■ PROMPT
Transcribe the full listing exactly, and drop every picture.

■ DATA SEGMENT
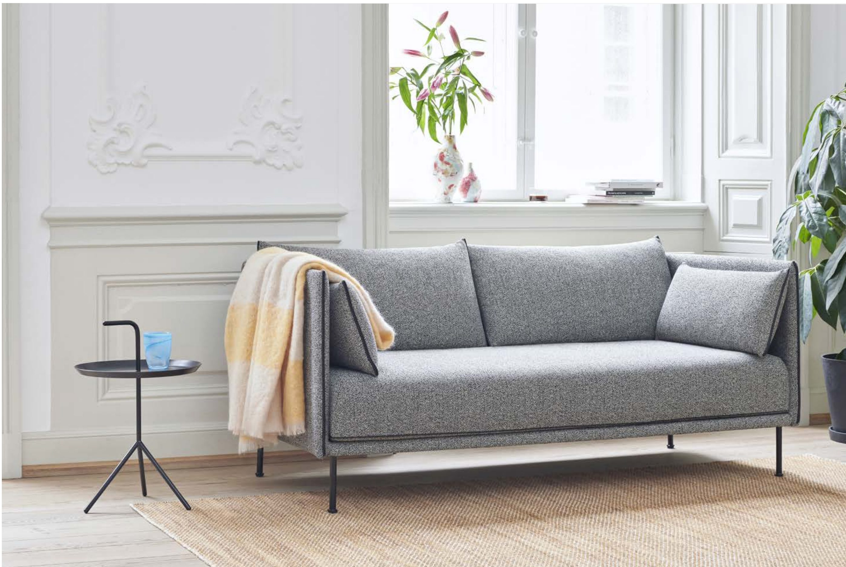
DLM | Black
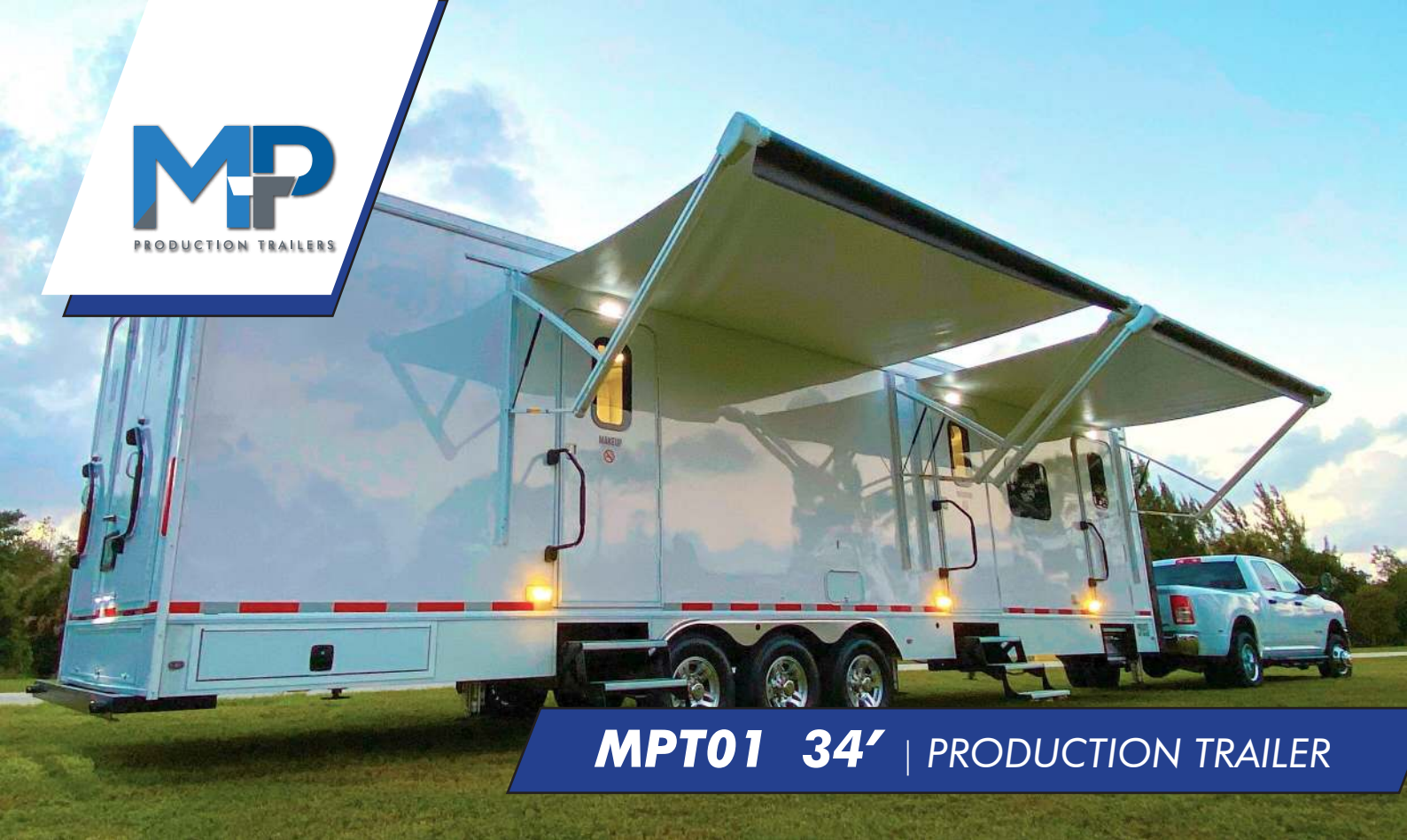
MPT01 34' | PRODUCTION TRAILER
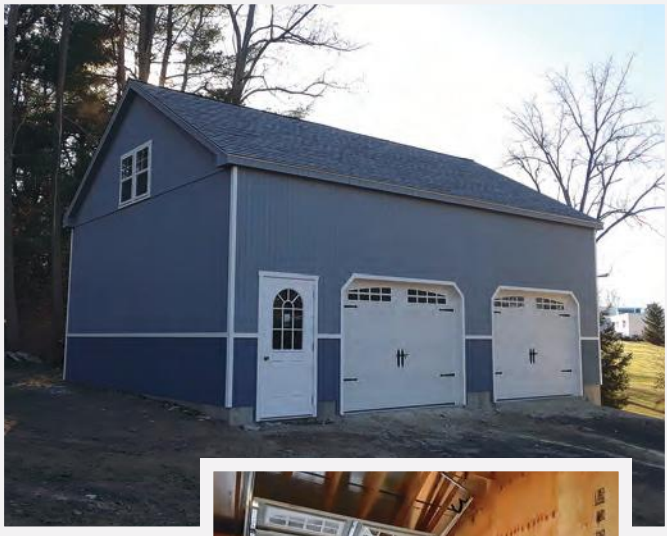
24'x30' with car-lift area in 1 bay & 16'x24' room upstairs, 12' side walls
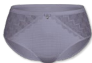
34349 | Panty / shorty 38-46

■ ANSWER FOR THE TASK
DLM | Black
MPT01 34' | PRODUCTION TRAILER
24'x30' with car-lift area in 1 bay & 16'x24' room upstairs, 12' side walls
34349 | Panty / shorty 38-46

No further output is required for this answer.